Smoke Alarm Detection Enabled By Mistake in Google Home Devices

Google Home should only listen when users speak the activation words. Users reported that their smart assistants started to pick up and register various sounds in people’s homes, wrongly, as smoke alarms.

Smart speakers, powered by smart assistants, slowly become the norm. People tend to forget they are around, ready to answer and record. Google, Amazon and Apple are regularly in hot water because they have to deal with the privacy nightmare that accompanies personal data collection.

Technically, the devices only activate when spoken to, but that’s not always the case. It turns out that devices can independently listen if the company that builds them wishes it so. Or, in this case, if the company enables a feature by mistake.
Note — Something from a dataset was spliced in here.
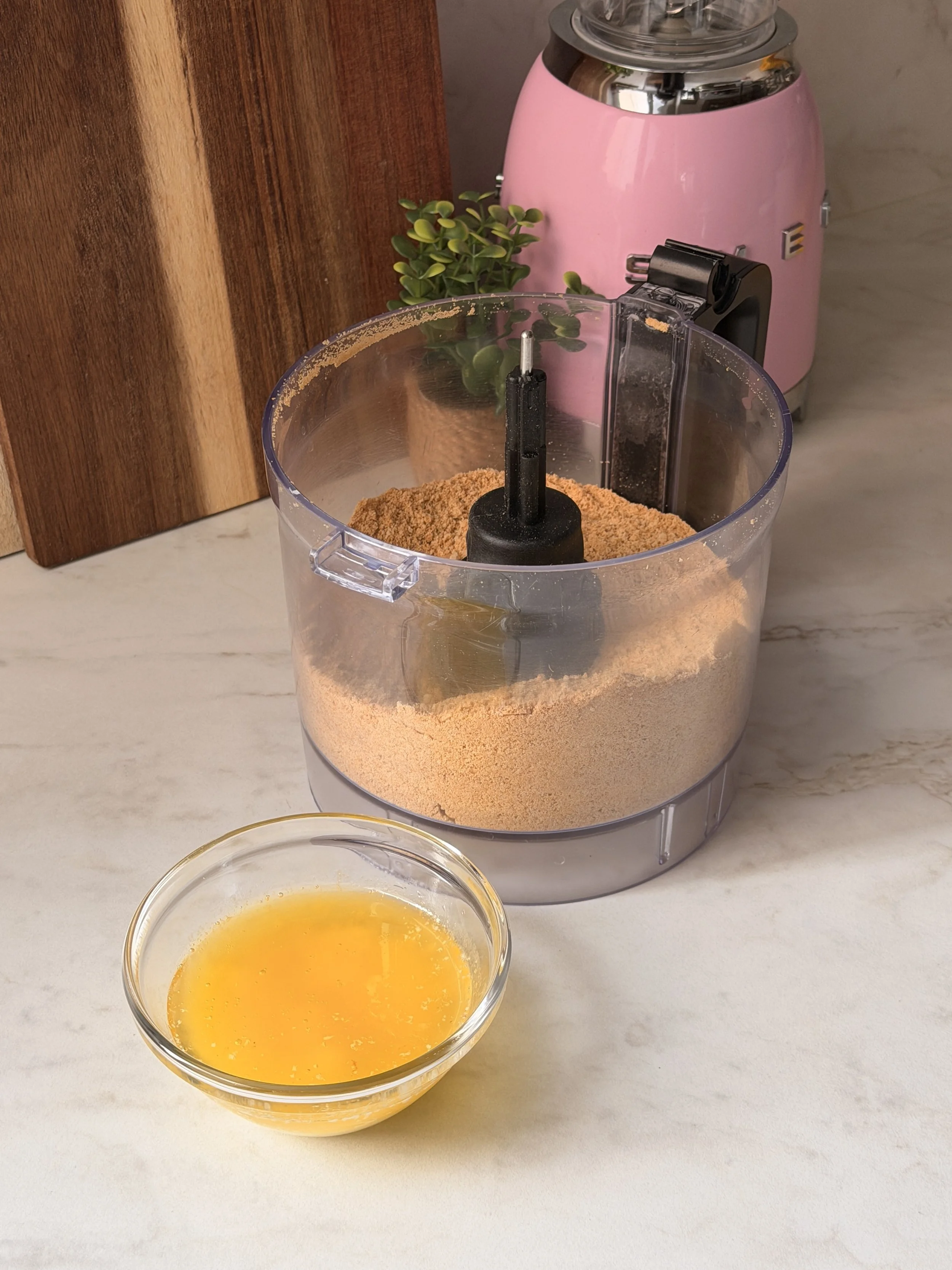7. Using a food processor, crush the graham crackers into fine crumbs and combine them with the melted butter.

A Reddit user observed a notification on his phone that Google heard a smoke detector going off. This happened while cooking, and it turns out that his Google Home was the one that caught the sound. Keep in mind that a cheap smoke detector with no Internet connection made the sound.

Google cleared the situation by explaining that it was a mistake.
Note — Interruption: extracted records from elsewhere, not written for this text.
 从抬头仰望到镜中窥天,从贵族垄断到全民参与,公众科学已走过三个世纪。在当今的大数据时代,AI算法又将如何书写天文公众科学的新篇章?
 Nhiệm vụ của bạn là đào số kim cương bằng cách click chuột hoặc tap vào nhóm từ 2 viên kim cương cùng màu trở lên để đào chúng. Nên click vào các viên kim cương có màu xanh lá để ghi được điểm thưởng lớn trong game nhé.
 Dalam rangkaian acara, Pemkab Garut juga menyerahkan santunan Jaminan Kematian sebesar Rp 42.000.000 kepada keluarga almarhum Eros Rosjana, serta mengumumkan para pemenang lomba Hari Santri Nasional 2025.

“The feature was accidentally enabled for some users through a recent software update and has since been rolled back,” Google told Protocol.

The company is likely testing this new feature, which would allow people to closely monitor their homes when they’re away. It also gives a new perspective on what these companies can do with the flick of a switch.

The Reddit user wasn’t the only one to notice the notifications, and other people said that the sound of broken glass or construction could also trigger the smoke alarm notification.

Amazon’s Echo already has a similar feature called “Guard.” The difference is that it has to be explicitly enabled when leaving the house, and it’s not triggered automatically.